Consequently, Coke's work contributed more to the spread of common law culture than he could have imagined, let alone intended. American lawyers who invoked Coke did so without respecting the jurisdictional limits of the common law that for him made it the national law of England. Coke had contributed to the sense that the core of English law, especially the common law of property, went abroad, but he never envisioned the common law as a free-floating jurisprudence that could be invoked, anywhere, as a shield against royal administration. This jurisdictional limit was lost as his books circulated through the Atlantic world. The medieval map of courts and dominion borders that Coke sketched in Calvin's Case and the Fourth Institute was not internalized abroad; powerful statements of the liberties of Englishmen and judicial "controul" over Parliamentary statutes were. Early Americans encountered Coke's work in an environment that was close enough to his for basic comprehension and far enough away, in space, time, and political context, to facilitate creative re-interpretation. They were at once constrained by metropolitan legal institutions and discourses and able to appropriate them for advantage. Long after Coke's legal and imperial worlds passed, his literature remained. North American colonists found in it the discourse of resistance and re-constitution.

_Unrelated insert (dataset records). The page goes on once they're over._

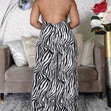 - Halter Neckline, Sleeveless, Open Back, Wide Leg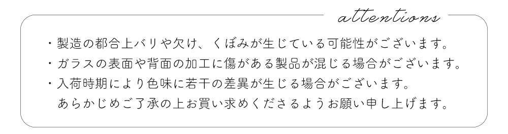 ・ガラスの表面や背面の加工に傷がある製品が混じる場合がございます。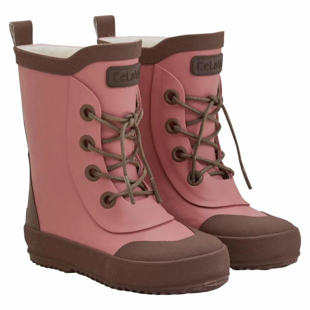 Celavi Termostøvler. De smarte gummistøvler fra CeLaVi er lavet i 100% vandtæt naturgummi og børnestøvlerne har et varmt uldfor indvendigt. Støvlerne har en fin snøre detalje fortil. Vinterstøvlerne har refleksdetaljer rundt om støvlen og CeLaVi logo. Vi anbefaler 1 cm i voksetillæg.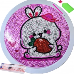 A csomag része a kerek keret kitámasztóval, amellyel a kész alkotás könnyen kihelyezhető asztalra vagy polcra. A praktikus kiegészítők – applikátor (toll), viasz és bordázott tálca – megkönnyítik a kövek pontos felvételét és elhelyezését. A motívum véletlenszerű, és nehézségi szintje gyerekekhez igazított, így az alkotás szórakoztató és stresszmentes.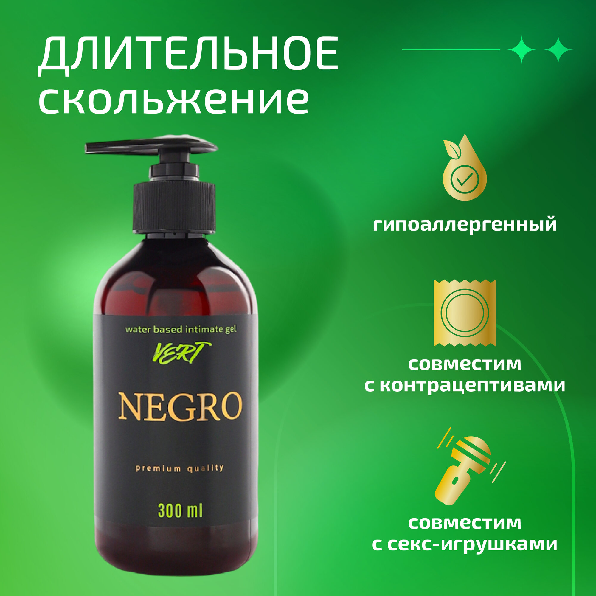 NEGRO.VERT 300 ml Профессиональный интимный лубрикант гель-смазка на водной основе 300 мл. интересное: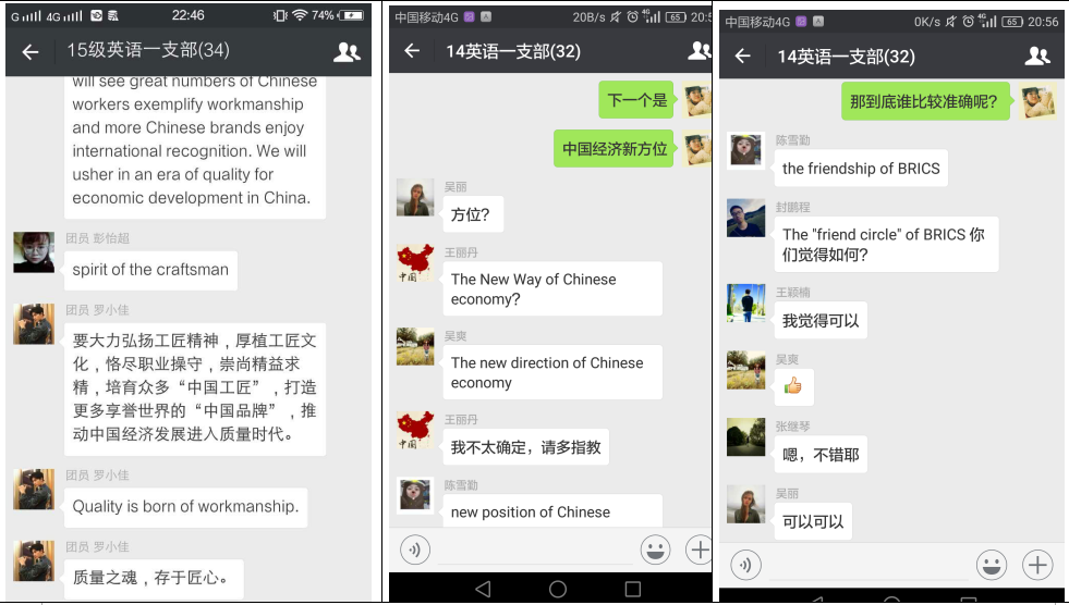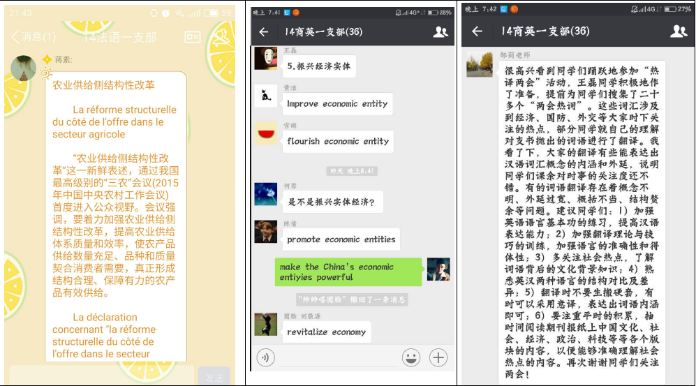 在学习“两会”精神过程中,新葡的京集团35222vip的同学将专业知识同时政学习相结合,充分利用网络新媒体,开展“热译两会关键词”活动。同学们利用课余时间,在团支部微信群、QQ群中探讨两会热词的英、法文译法。“工匠精神”、“供给侧结构性改革”、“中国经济新方位”、“三去一降一补”、“失写症”、“双一流大学”等词都成了同学们热“译”对象,为了使大家更好地理解这些词汇,有的同学还把相关新闻以及该类词汇的官方解释发到微信群中。同学们还邀请专业课老师参与网上团支部的讨论,老师在肯定同学们积极关心国家大事的同时,也通过“内涵”、“外延”等专业知识为同学们的翻译提出了建议。活动结束后,同学们纷纷表示网上团支部活动既使大家及时了解了国家大事,又将专业同实际结合了起来,希望以后能更多地开展这类活动。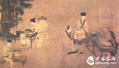 斗茶又称为茗战,发源于福建建安一带,始现于晚唐,到宋代达到顶盛,上至宫廷,下达民间,普遍有斗茶的习俗。斗茶是品评茶叶质量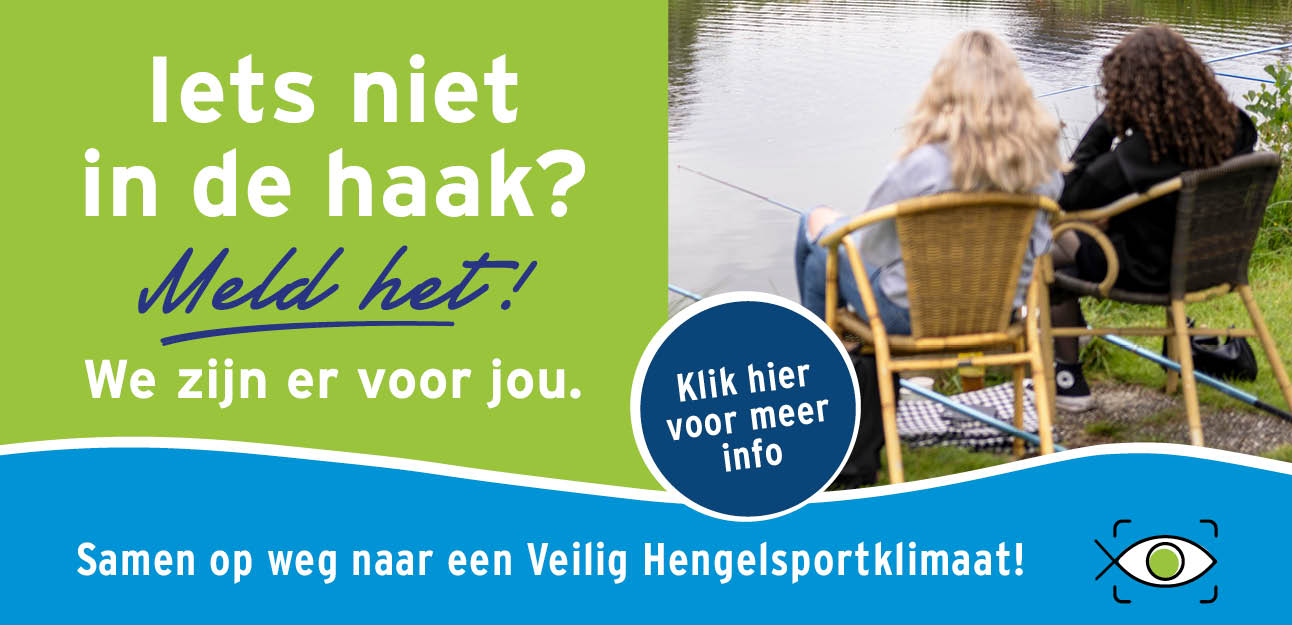 Iedere sportvisser heeft recht op een veilig en positief hengelsportklimaat. Ongewenst gedrag, zoals buitensluiten, discriminatie, kas leeggehaald, machtsmisbruik en (seksuele) intimidatie, vindt Sportvisserij Nederland onacceptabel. Kom je als sportvisser dit tegen, neem contact op met bijvoorbeeld Meldpunt Sportvisserij Nederland.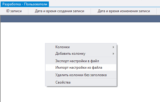 2.5.2.14. вызвать контекстное меню нажатием правой кнопки мыши в области данных;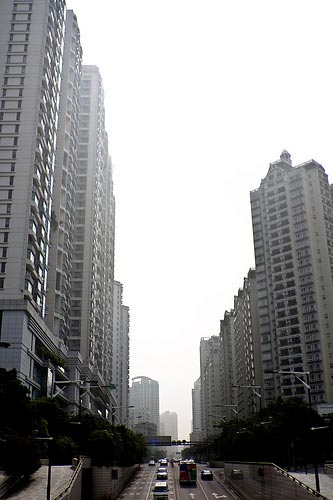 | Đường phố ở Quảng Châu với 5 làn xe mỗi chiều, cùng những tòa chung cư cao vút được xây hai bên. |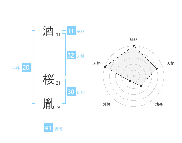 酒 桜胤さんの総格は41画の5点!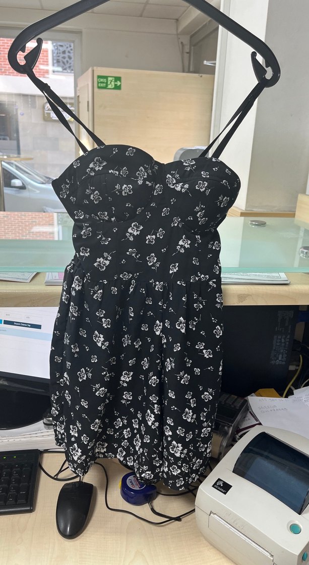 Siyah straplez, ince askılı, baskılı dantel vücuda oturan midi uzunlukta elbise. Günlük kullanıma uygun cesur goth tarzında.şort etek tarzı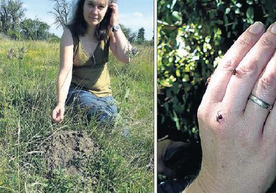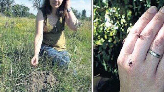 Ilona Schrimpf vom Umweltzentrum Listhof zeigt, wie Wohnburgen (links) von Ameisen ausschauen können, wenn sie nicht mit dem Rasenmäher plattgemacht werden. Auch für die roten Waldameisen ist der Listhof ein Paradies. Dabei sind die Biester ganz schön bissig: Kommt man ihren Bauten mit der Hand zu nahe, knabbern sie schwupp-di-wupp sich in die Haut.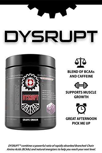 -. Feature : 2:1:1 BCAA RATIO- The perfect ratio of branch chain amino acids (BCAA's). The BCAA's in Dysrup work to promote muscle recovery and prevent muscle breakdown while Taurine works to promote mental focus and helps to prevent muscle cramps. / ENHANCED WITH CAFFEINE AND ELECTROLYTES- Each scoop delivers 120mg of caffeine, raising alertness and focus to get you ready for activity! / MORE VERSTILE THAN OTHER PRODUCTS: Dysrupt is so versatile it can be used in the morning to provide essential amino acids and stimulate metabolism with natural caffeine. It can be used as a preworkout, ideal for those that train later in the day and don't want an over stimulated product that will keep them awake or stacked anytime with your favorite drinks!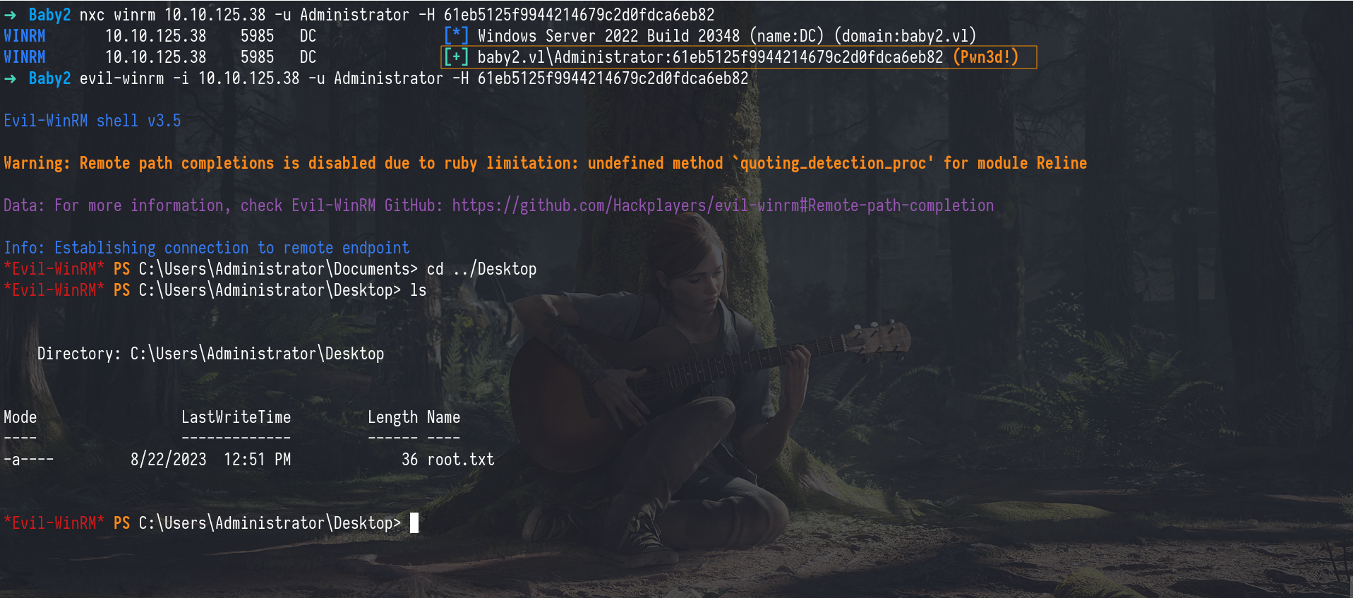 evil-winrm -i 10.10.125.38 -u Administrator -H 61eb5125f9944214679c2d0fdca6eb82

This approach to the colonial use of the English constitutional canon, which has affinities with postcolonial studies, differs from the conventional analysis of whether the colonists enjoyed English law because it raises the threshold problem of how the common law became detached from its territorial jurisdiction. It also helps connect constitutional history to the new Atlantic history, in which there has been little sustained study of imperial law, as opposed to colonial law, much of which is discussed in general terms, and English law, much of which remains opaque to non-specialists. How and in what directions, for example, did legal culture circulate throughout the early modern British Atlantic? One might imagine, but only imagine, a study of imperial law similar to David Hancock's study of British Atlantic trade, with the practitioners of imperial dispute resolution devising new means to integrate the Empire. Law-minded “citizens of the world,” however, had less control than the merchants over their particular traffic, as the common law escaped its national jurisdiction and became a resource throughout the Empire. Substantive notions of liberty traveled well, like negotiable instruments, and became transatlantic currency that could be traded anywhere English was spoken. Coke minted most of his currency for England, but it all circulated wide and far.



In the end, there was a kind of reverse Gresham's law under which the American colonists appropriated the richest parts of the English constitutional canon for their purposes and hid away its less valuable legacies. This jurisprudence of liberty could be used many ways: imperial and integrative here, provincial and disintegrating there; liberating in one place and enslaving in another--liberating and enslaving in some places at the same time. To understand the legal culture of the Empire and its colonies, we must understand the intellectual transformation in the idea of law on which colonial resistance was premised: the shift from jurisdiction to jurisprudence, the rules in a legal system to the rule of law, English liberties to Liberty. This article has sought to locate one catalyst of that abstraction in the inchoate imperial jurisprudence of Sir Edward Coke.